From what I found during my quick search on the internet, CF strips this header completely and enables or disables compression on its own proxy based on user agent and the zone policy. Didn't test it yet.
Still, I have several clients using the same resources, some of which do understand brotli and some don't. Assuming everything is working as expected:
Brotli-enabled client happens to go first, allowing compressed response
Squid stores the compressed response
Dumb client requests the same resoure
Squid serves the same compressed response from cache.
Dumb client goes WTF?! _________________ Make Computing Fun Again |
|
Back to top |
|
|
Banana Moderator
Joined: 21 May 2004 Posts: 1831 Location: Germany
|
|
Back to top |
|
|
Hu Administrator
Joined: 06 Mar 2007 Posts: 22965
|
Posted: Tue Nov 19, 2024 1:49 pm Post subject: |
|
|
In the observed failure case, what HTTP headers were sent by the Cloudflare response and by the dumb client request? I am curious whether Squid was provided with enough context to understand that it should not use the cached brotli response when serving the dumb client.

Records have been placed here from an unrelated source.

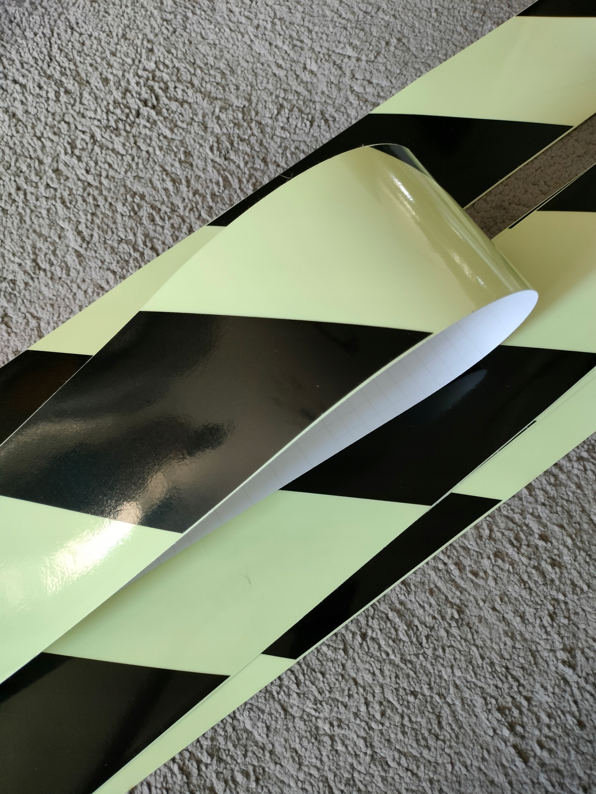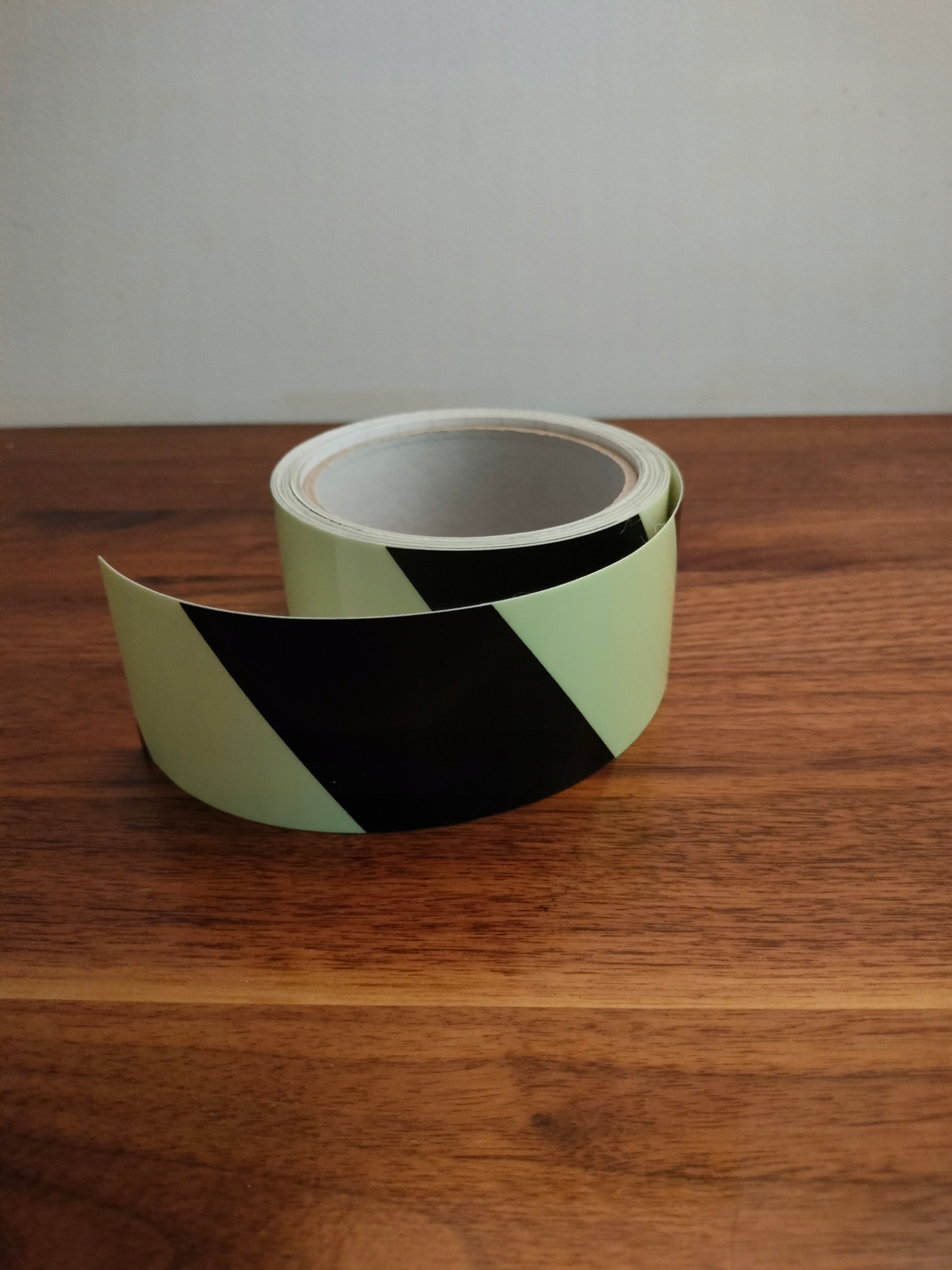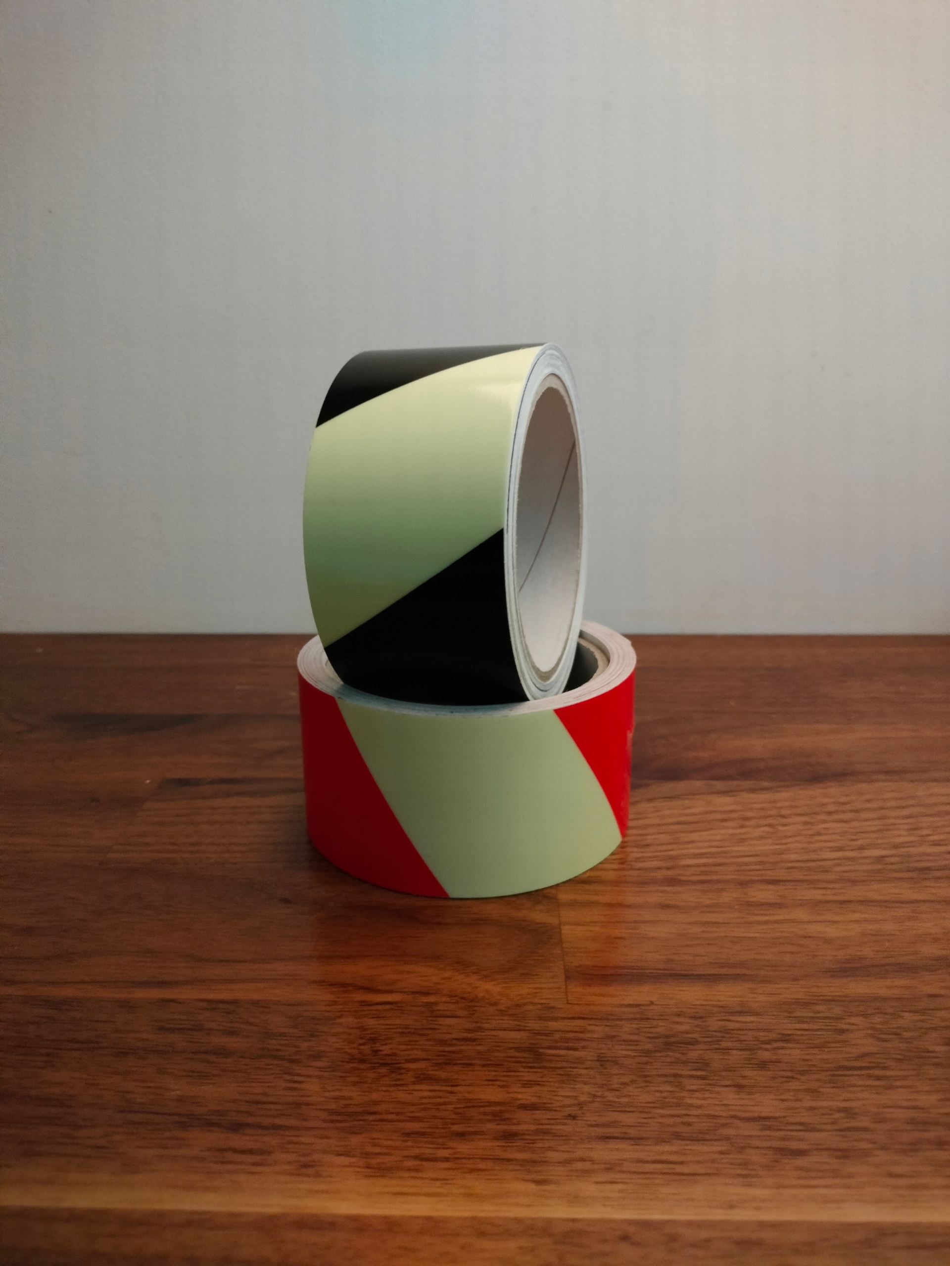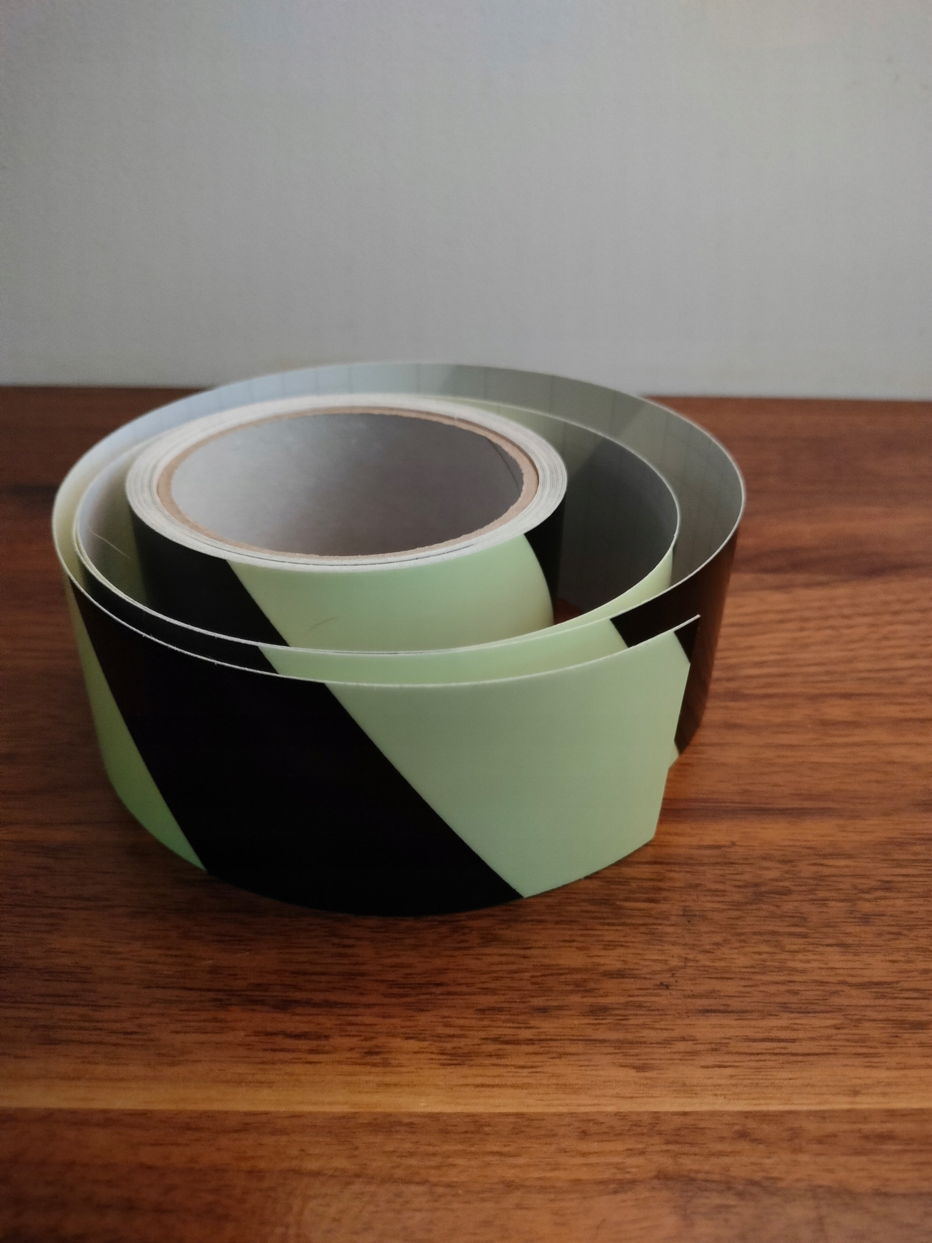 Односторонні клейкі фотолюмінесцентні стрічки з ПВХ плівки. Вони покращують видимість електричних вимикачів, замків, розеток і поручнів у темряві.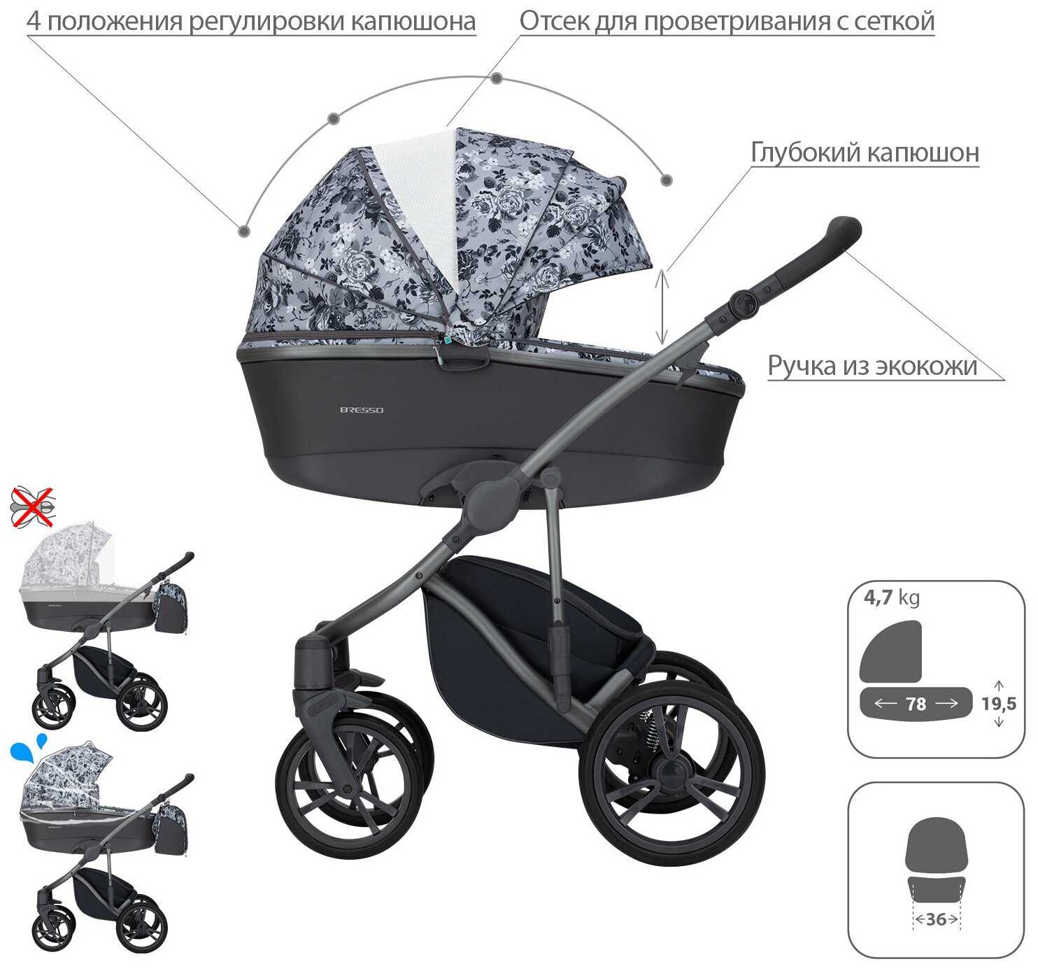 babylux Future 3 в 1 White & Sliver NEW с автокреслом, чёрный матрасик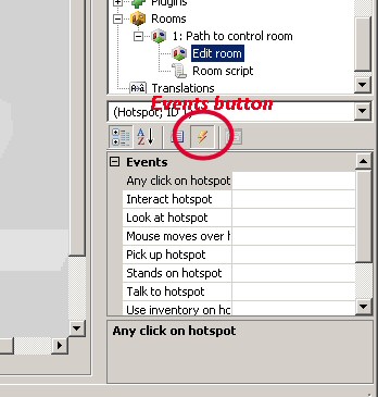 You'll see that the property grid changes to list all the events for this hotspot. Events occur when the player does certain things in the game. At the moment, nothing is set to happen in response to any of the events, so whatever the player does to the hotspot, they will get no reply.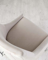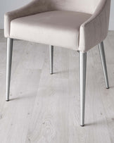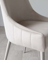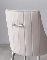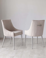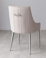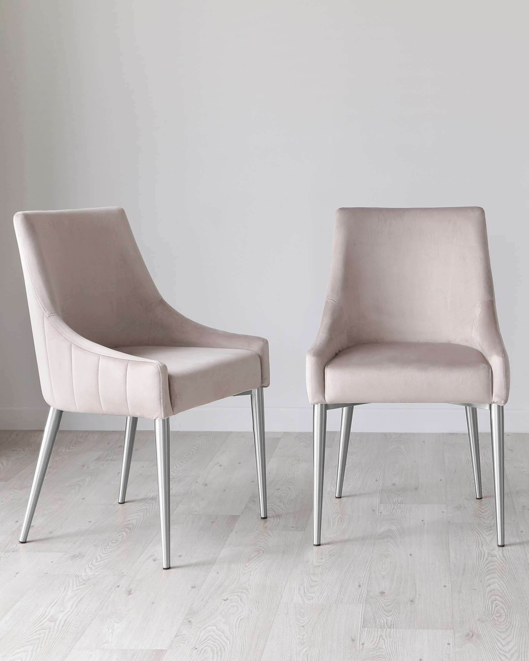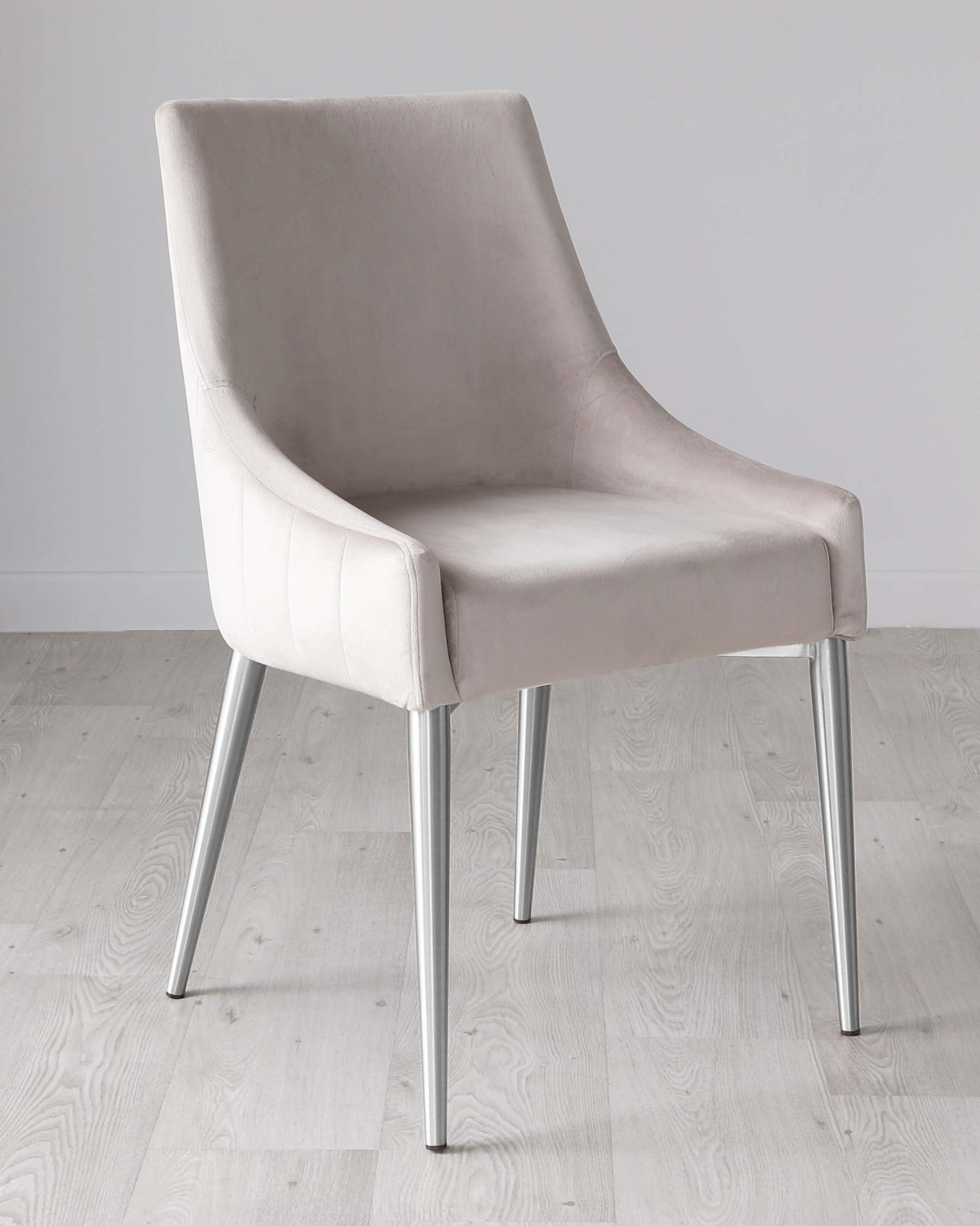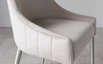 The Juliana dining chair brings sophisticated comfort to every meal. Upholstered in plush champagne velvet with vertical channel stitching, these chairs create an inviting atmosphere around your table. The brushed stainless steel legs provide sleek support, while the practical handle detail makes repositioning effortless. Sold in pairs, they're perfect for intimate dinners or larger gatherings.

If the dumb client omits Accept-Encoding: brotli and the Cloudflare response included Vary: Accept-Encoding, then I would expect Squid to react to that by considering the cached response unusable due to the mismatch between the dumb client's Accept-Encoding and the original Accept-Encoding request that populated the cache. |
|
Back to top |
|
|
szatox Advocate
Joined: 27 Aug 2013 Posts: 3477
|
Posted: Tue Nov 19, 2024 2:33 pm Post subject: |
|
|
> Anyway, have a look here: https://wiki.gentoo.org/wiki/Privoxy
Yeah, it looks like I'm gonna need another instance of mitmdump on top of squid. It handles decompression just fine. I feel like I got to the point where I need to start making notes of which proxy is doing what on which port though, and it sucks.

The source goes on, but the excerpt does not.